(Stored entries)
┌──
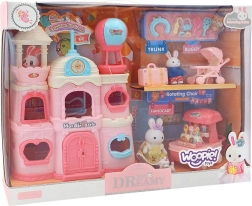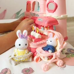 A gyerekek saját történeteket alkotnak a nyuszikkal, a kutyussal és a kiegészítőkkel, mint például a babakocsi vagy a fagylaltos kocsi – ideális a kreatív játékhoz.
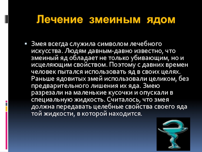 что змеиный яд обладает не только убивающим, но и исцеляющим свойством. Поэтому с давних времен человек пытался использовать яд в своих целях. Раньше ядовитых змей использовали целиком, без предварительного лишения их яда. Змею разрезали на маленькие кусочки и опускали в специальную жидкость. Считалось, что змея должна передавать целебные свойства своего яда той жидкости, в которой находится.
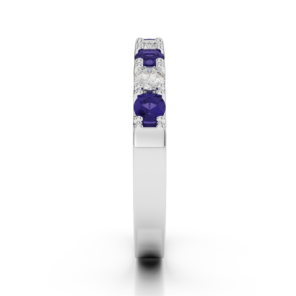 2.5 MM Claw Set Diamond & Tanzanite Half Eternity Ring 0402
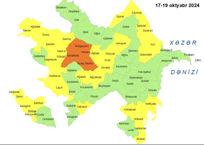 Milli Hidrometeorologiya Xidməti oktyabrın 17-si gündüzdən 19-u gündüzədək bəzi bölgələrdə küləkli hava şəraiti ilə bağlı sarı və narıncı xəbərdarlıq verib.
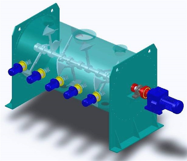 臥式筒體由鋼板卷制而成,作盛物料用,筒體上開有若干孔,供進出料,觀察用。犁刀軸支承座固定在筒體二端的蓋板上。
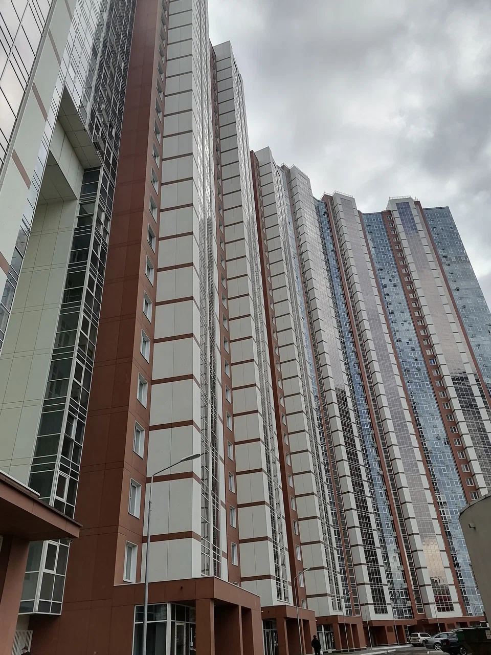 Архитектура комплекса слабая и вторичная: фасады плоские, без пластики и масштабирования, ансамбль не считывается как цельный — корпуса существуют разрозненно и не формируют выразительного силуэта. Работа с первым этажом и общественным фронтом фактически отсутствует, среда не поддерживает ни пешеходный сценарий, ни визуальный комфорт.
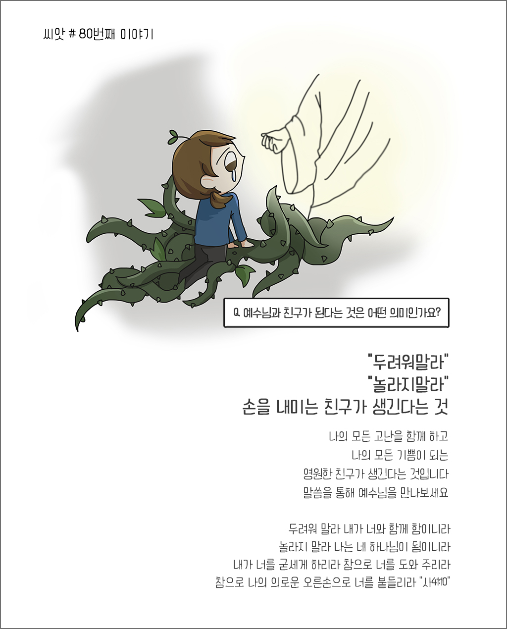 Q. 예수님과 친구가 된다는 것은 어떤 의미인가요?"두려워말라""놀라지말라"손을 내미는 친구가 생긴다는 것나의 모든 고난을 함께 하고나의 모든 기쁨이 되는영원한 친구가 생긴다는 것입니다말씀을 통해 예수님을 만나보세요
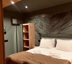 Были здесь в марте. Большой плюс что парковка авто возле номеров. Классный номер, тёплый, белье чистейшее,ванная комната с каменной раковиной👍В кафе достаточно вкусно, прикольный пирог с брусникой.Единственное что цены конечно высокие на проживание. А так нам все в целом понравилось. И рядом прекрасный Байкал🌊
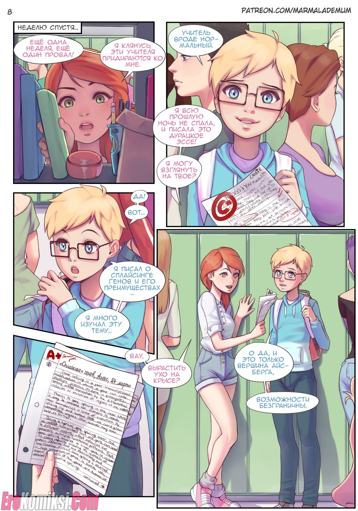 Порно комикс Класс Химии. Девушка с маленькой грудью всегда мечтала о большом размере. У неё есть преданный друг, который поддерживает её во всём. Он всегда говорит подруге, что она прекрасна и ей не нужна большая грудь, но девушка вечно настаивает на своем. Так, в один из дней, когда её друг натыкается на формулу химического вещества в даркнете, которая по заявлениям автора способна увеличить грудь, он решает поделиться этим с подругой. Друзья решают воссоздать это в классе химии и после вкалывают девушке. Так начинается история преображения молодой особы в нечто другое…
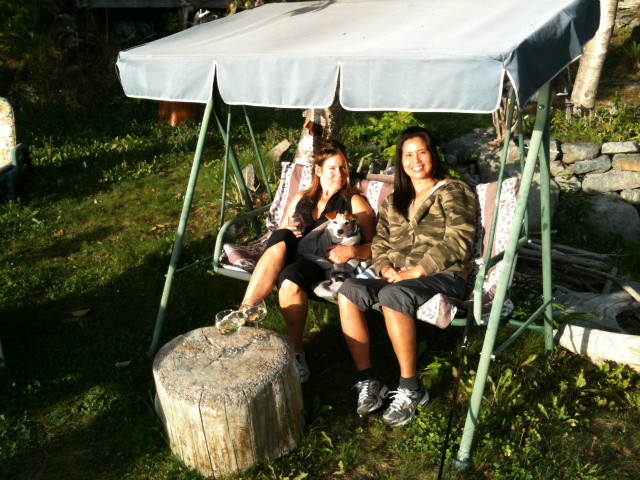 じつはキャビンに着くとすぐ陸はジョディに電話。開口いちばん「カクテルアワーは何時?」。ジョディはまだウィスラーに居るけど、5時半ごろにはキャビンに着くから遊びに来てとのこと。 夕方、スパゲティを作っていると、ジョディから電話。サンセットがキレイだから早くおいで〜と言います。食事をすませジョディのキャビンへ。
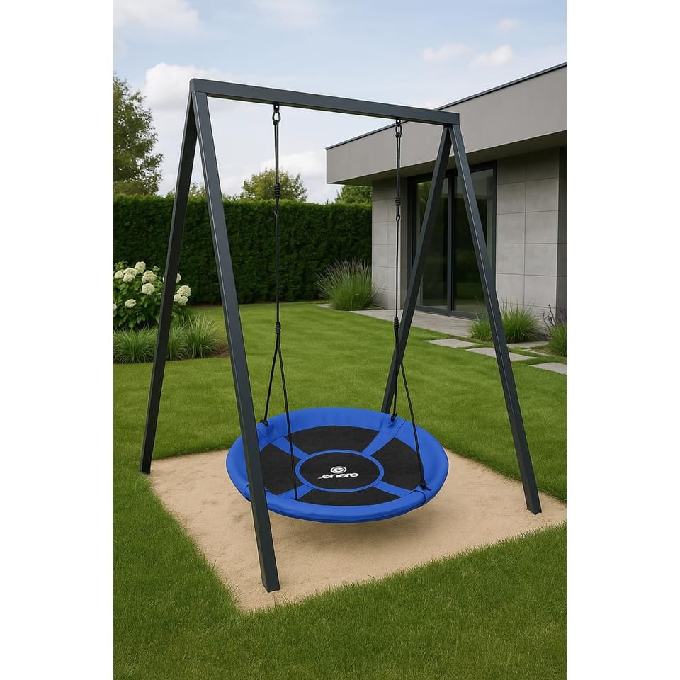 Swing for children stork nest 95cm XXL blue Swing provides great fun in the garden or yard. Its spacious surface will allow you to comfortably lie down in any position by the child. Solid workmanship guarantees safety and comfort of play, and the original design will certainly appeal to parents. Two suspension points are the certainty of safe fun of your children. Technical specification: diameter 95 cm, maximum load up to 150 kg, dimensions: 140-190cm, diameter 95m, Material: steel dia.25mm,oxfordPPPP
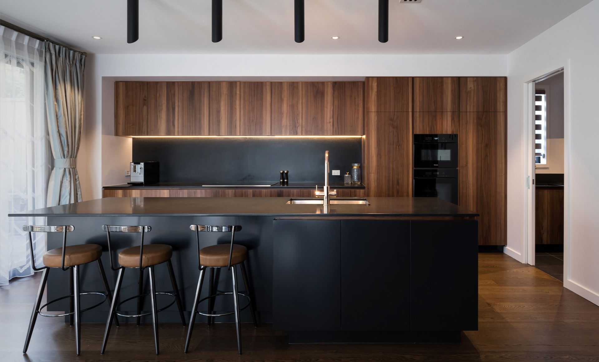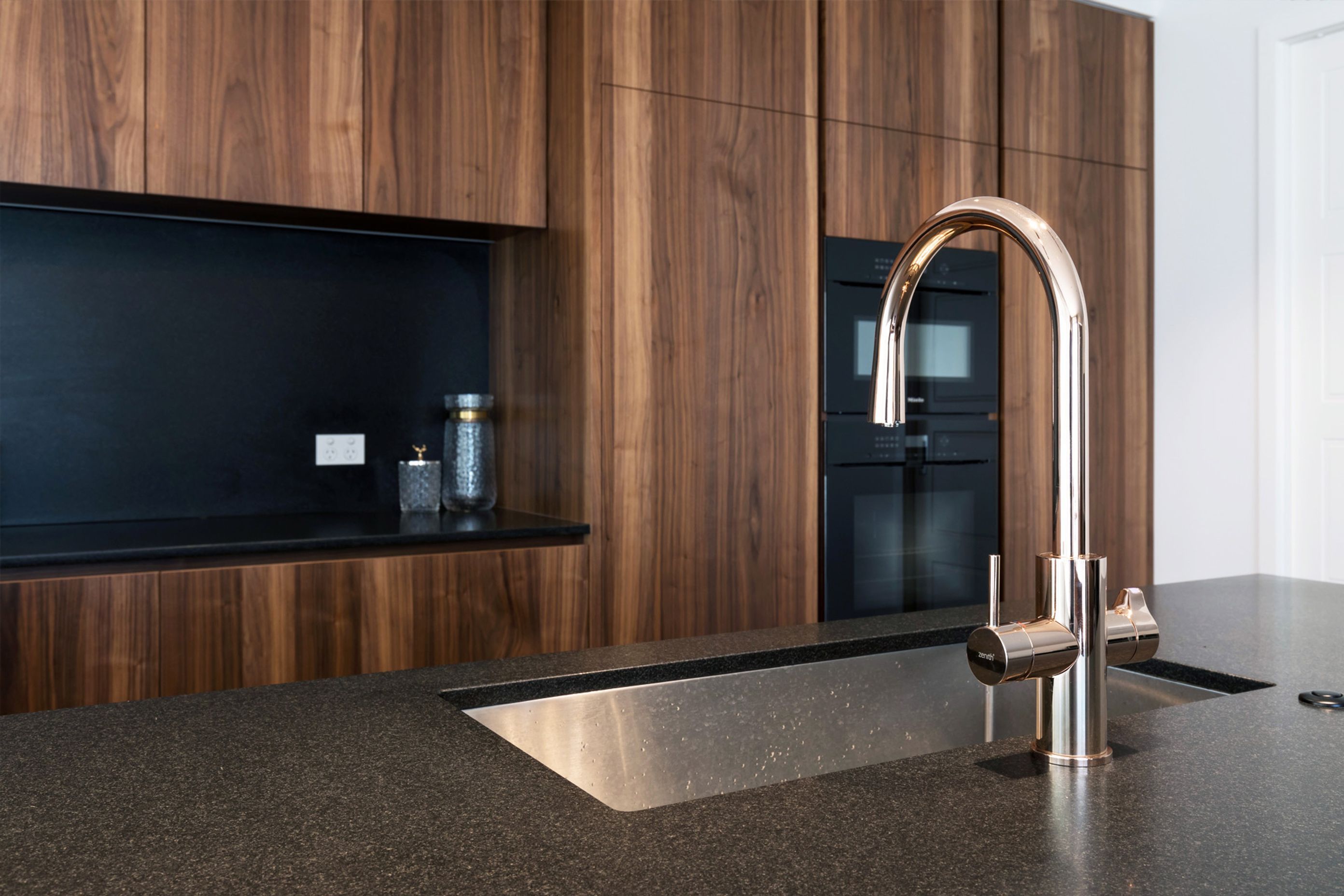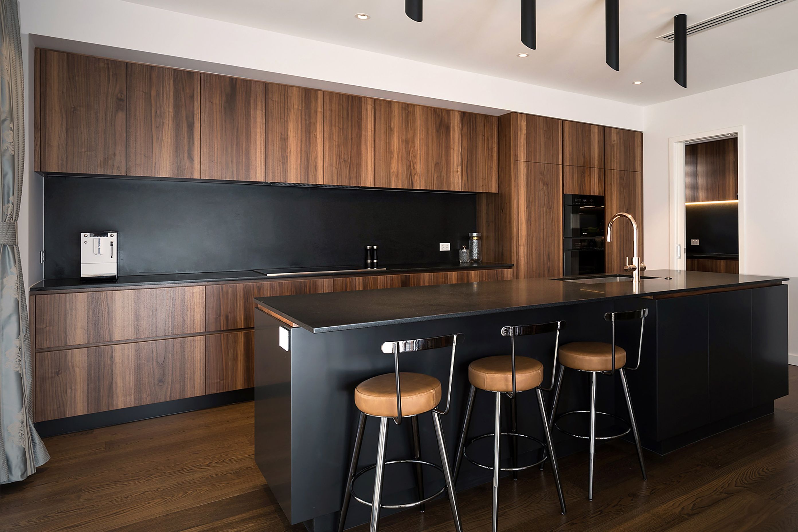 ArchiPro Project Summary - A luxurious kitchen design by Wayne Church featuring rich planked walnut cabinetry, sleek black granite surfaces, and high-end Miele appliances, creating a minimalist yet sophisticated culinary space.
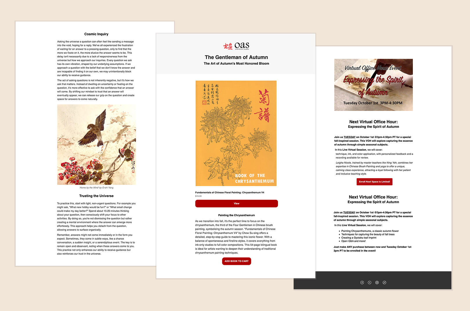 Blending philosophy, education, and product storytelling to support classes, books and seasonal offerings.
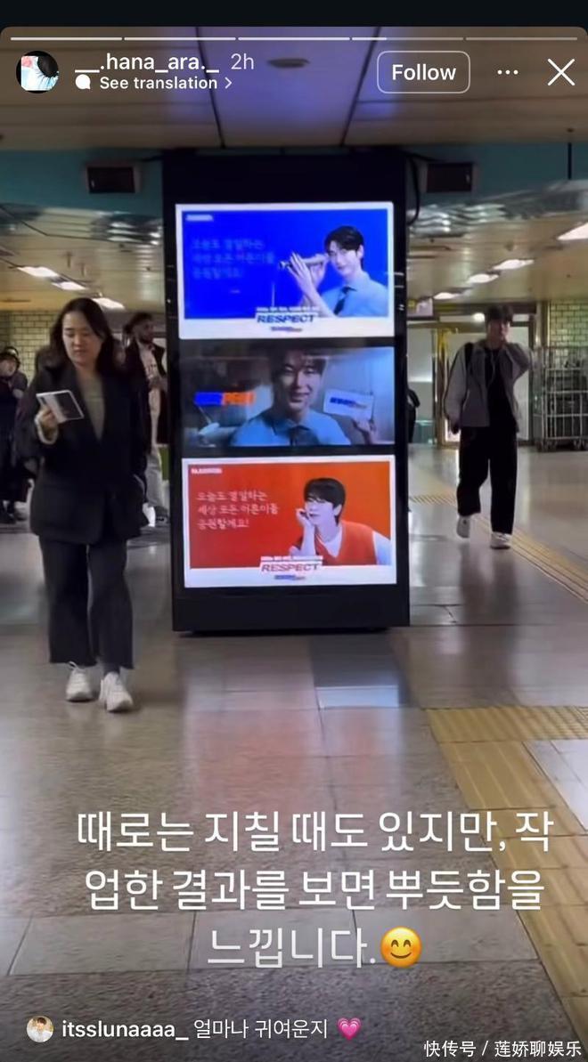 虽然但是,账号主人似乎很活跃,不断在上传自己的限动,当中包括特地拍摄了在韩国地铁站中的车银优广告。
└──
Work instruction >> Set down again, exactly, every line above from the one with "Архитектура комплекса слабая" down to the one with "Q. 예수님과 친구가", both ends included. No pictures, and nothing else.

Task solution >>
 Архитектура комплекса слабая и вторичная: фасады плоские, без пластики и масштабирования, ансамбль не считывается как цельный — корпуса существуют разрозненно и не формируют выразительного силуэта. Работа с первым этажом и общественным фронтом фактически отсутствует, среда не поддерживает ни пешеходный сценарий, ни визуальный комфорт.
 Q. 예수님과 친구가 된다는 것은 어떤 의미인가요?"두려워말라""놀라지말라"손을 내미는 친구가 생긴다는 것나의 모든 고난을 함께 하고나의 모든 기쁨이 되는영원한 친구가 생긴다는 것입니다말씀을 통해 예수님을 만나보세요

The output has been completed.